How much time do high school children need?

Asked By: Anthony Bode
Date created: Thu, Jan 14, 2021 10:19 AM
Best answers
Recommended Hours of Sleep Per Day. 6–12 years. 9 to 12 hours per 24 hours. 13–18 years. 8 to 10 hours per 24 hours. Zzzzzz …. Sleepy Kids: Most Students Need More Sleep. Many middle school and high school students do not get the sleep they need. Wheaton et al. MMWR. Jan 2018.
Answered By: Annabell Bauch
Date created: Sat, Jan 16, 2021 5:13 AM
A majority of kids spend eight to 10 hours in school, two hours attending to homework, over an hour travelling to and from school, two to three hours in extra tuition, and about eight hours...
Answered By: Michel Greenfelder
Date created: Sat, Jan 16, 2021 10:20 AM
According to the OECD summary, "A typical U.S. student will attend school for a total of 8,884 hours over nine years to complete primary and lower secondary education, 1,293 hours more than the OECD average." But the harder you scratch at the data, the harder it is to reach easy conclusions.
Answered By: Giovani Spinka
Date created: Sun, Jan 17, 2021 9:20 AM
Credit hours vary based on type of course (for example, lecture versus lab time). One course credit is generally between 120-180 hours of instruction. This is attending a 1-hour course each school day for a 120 (or 180) day school year. (This is known as the Carnegie Unit .)

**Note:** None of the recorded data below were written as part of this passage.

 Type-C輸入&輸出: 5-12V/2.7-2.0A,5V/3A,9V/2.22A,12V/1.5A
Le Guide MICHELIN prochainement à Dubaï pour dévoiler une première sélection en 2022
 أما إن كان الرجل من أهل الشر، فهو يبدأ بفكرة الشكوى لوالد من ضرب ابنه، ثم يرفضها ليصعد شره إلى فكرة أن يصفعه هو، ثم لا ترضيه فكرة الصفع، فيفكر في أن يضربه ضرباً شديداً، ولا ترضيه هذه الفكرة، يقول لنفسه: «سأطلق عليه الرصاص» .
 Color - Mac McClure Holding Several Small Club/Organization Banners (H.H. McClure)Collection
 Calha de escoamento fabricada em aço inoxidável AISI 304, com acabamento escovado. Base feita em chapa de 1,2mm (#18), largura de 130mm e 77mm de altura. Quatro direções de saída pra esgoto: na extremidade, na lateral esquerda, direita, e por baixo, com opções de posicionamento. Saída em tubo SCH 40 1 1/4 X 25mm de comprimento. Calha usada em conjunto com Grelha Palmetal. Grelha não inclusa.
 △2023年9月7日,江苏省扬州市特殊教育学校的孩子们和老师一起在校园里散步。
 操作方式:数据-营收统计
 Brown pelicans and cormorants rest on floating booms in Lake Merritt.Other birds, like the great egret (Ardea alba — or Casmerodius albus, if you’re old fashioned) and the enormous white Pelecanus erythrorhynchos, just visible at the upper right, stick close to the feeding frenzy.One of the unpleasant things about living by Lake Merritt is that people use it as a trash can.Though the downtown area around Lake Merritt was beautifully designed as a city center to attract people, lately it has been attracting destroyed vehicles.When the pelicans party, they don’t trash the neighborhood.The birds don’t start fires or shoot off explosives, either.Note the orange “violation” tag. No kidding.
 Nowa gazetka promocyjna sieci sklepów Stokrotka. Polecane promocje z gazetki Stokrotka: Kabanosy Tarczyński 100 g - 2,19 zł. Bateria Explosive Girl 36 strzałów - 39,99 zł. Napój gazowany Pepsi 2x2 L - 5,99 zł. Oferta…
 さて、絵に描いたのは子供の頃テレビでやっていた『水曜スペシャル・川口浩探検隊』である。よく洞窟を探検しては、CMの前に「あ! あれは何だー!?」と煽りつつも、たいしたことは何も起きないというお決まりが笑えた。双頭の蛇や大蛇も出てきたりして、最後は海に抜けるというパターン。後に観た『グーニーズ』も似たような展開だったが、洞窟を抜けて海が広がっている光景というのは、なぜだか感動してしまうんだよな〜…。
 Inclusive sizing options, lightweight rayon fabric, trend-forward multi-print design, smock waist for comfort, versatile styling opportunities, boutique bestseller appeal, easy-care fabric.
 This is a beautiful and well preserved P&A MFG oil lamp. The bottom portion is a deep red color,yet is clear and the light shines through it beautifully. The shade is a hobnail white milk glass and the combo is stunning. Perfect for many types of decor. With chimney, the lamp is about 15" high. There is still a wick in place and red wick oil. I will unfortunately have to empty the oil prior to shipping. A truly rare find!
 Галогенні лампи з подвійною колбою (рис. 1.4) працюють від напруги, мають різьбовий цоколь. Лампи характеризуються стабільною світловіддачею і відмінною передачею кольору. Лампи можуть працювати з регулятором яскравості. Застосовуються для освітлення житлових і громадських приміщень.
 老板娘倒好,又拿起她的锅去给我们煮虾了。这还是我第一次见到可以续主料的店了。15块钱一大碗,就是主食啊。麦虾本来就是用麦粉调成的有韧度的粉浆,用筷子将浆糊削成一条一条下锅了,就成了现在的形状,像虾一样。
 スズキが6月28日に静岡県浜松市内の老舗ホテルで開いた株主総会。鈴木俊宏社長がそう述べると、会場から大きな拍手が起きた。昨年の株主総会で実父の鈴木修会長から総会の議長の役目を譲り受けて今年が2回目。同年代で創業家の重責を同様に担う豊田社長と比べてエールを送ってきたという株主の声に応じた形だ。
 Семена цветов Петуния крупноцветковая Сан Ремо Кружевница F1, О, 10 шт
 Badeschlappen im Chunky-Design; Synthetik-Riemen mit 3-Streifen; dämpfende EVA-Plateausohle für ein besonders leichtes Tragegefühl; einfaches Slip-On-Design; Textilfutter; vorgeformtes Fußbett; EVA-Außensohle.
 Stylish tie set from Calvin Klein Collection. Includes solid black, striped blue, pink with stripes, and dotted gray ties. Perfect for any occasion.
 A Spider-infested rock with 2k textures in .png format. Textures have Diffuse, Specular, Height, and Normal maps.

Answered By: Kellen Johnson
Date created: Mon, Jan 18, 2021 3:33 AM
This yields a total, by my calculations, of 169 + 180 + 180 hours = 529 hours + 150 in the summer, for a new total of 679 hours. We are told that there is no time for high school students to write serious history research papers, which they need to do to prepare themselves for college academic requirements.
Answered By: Lawrence Schowalter
Date created: Mon, Jan 18, 2021 10:44 PM
Each school may need to use different strategies, but there are many ideas and best practices to consider. 8,11,14 Schools can Schedule lunch periods that are longer than 20 minutes to account for the time it takes students to get to the cafeteria (or other location where the meal is served), wait in line, pay for lunch, find a place to sit, socialize with friends, and eat the meal.
Answered By: Emmitt Eichmann
Date created: Fri, Jan 22, 2021 12:37 AM
Don’t worry about the time. Focus on the quality of your study (not the quantity of study). Sure, I know one school advises students to engage in 20 minutes of study per subject every day. Another school recommends 3 hours a night, plus 8 hours over the weekend …
Answered By: Luz Weber
Date created: Sat, Jan 23, 2021 6:46 PM
Adults understand the need to relax after a stressful week of work. Tweens are no different. If you've had a very busy week, you probably just want to go home and watch a little television. Your child might feel the same way. Free time allows your child to relax and do nothing, or to do something they've looked forward to all week.  
Answered By: Layla Hessel
Date created: Tue, Jan 26, 2021 1:45 PM
Around four in 10 kids (39%) engage in some kind of informal play or activity, an activity those under 5 do twice as much as teenagers (56% compared to 28%). Reading books beyond schoolwork is still fairly popular (32%)—but mostly among those without schoolwork (42% under age 5). Activities outside the house like extracurricular activities or classes (25%), playing organized sports (23%) or hanging out with friends (22%) are much less common.
Answered By: Albin Pollich
Date created: Tue, Jan 26, 2021 11:33 PM
In Delaware, High school students must receive a 1/2 credit in health education and each grade also has minimum hour requirements for drug and alcohol education.
Answered By: Alejandra Konopelski
Date created: Sat, Jan 30, 2021 1:51 AM
For kids and teens, the American Academy of Pediatrics suggests caution. Adolescents ages 12 to 18 should cap daily caffeine intake at 100 mg (the equivalent of about one cup of coffee, one to two cups of tea, or two to three cans of soda). For children under 12, there’s no designated safe threshold.
Most children learn to read by 6 or 7 years of age. Some children learn at 4 or 5 years of age. Even if a child has a head start, she may not stay ahead once school starts. The other students most likely will catch up during the second or third grade.
Generally, children begin to babble from around the age of six months and say their first words between ten and 15 months (most start speaking at about 12 months). They then begin to pick up increasing numbers of words and start to combine them into simple sentences after around 18 months.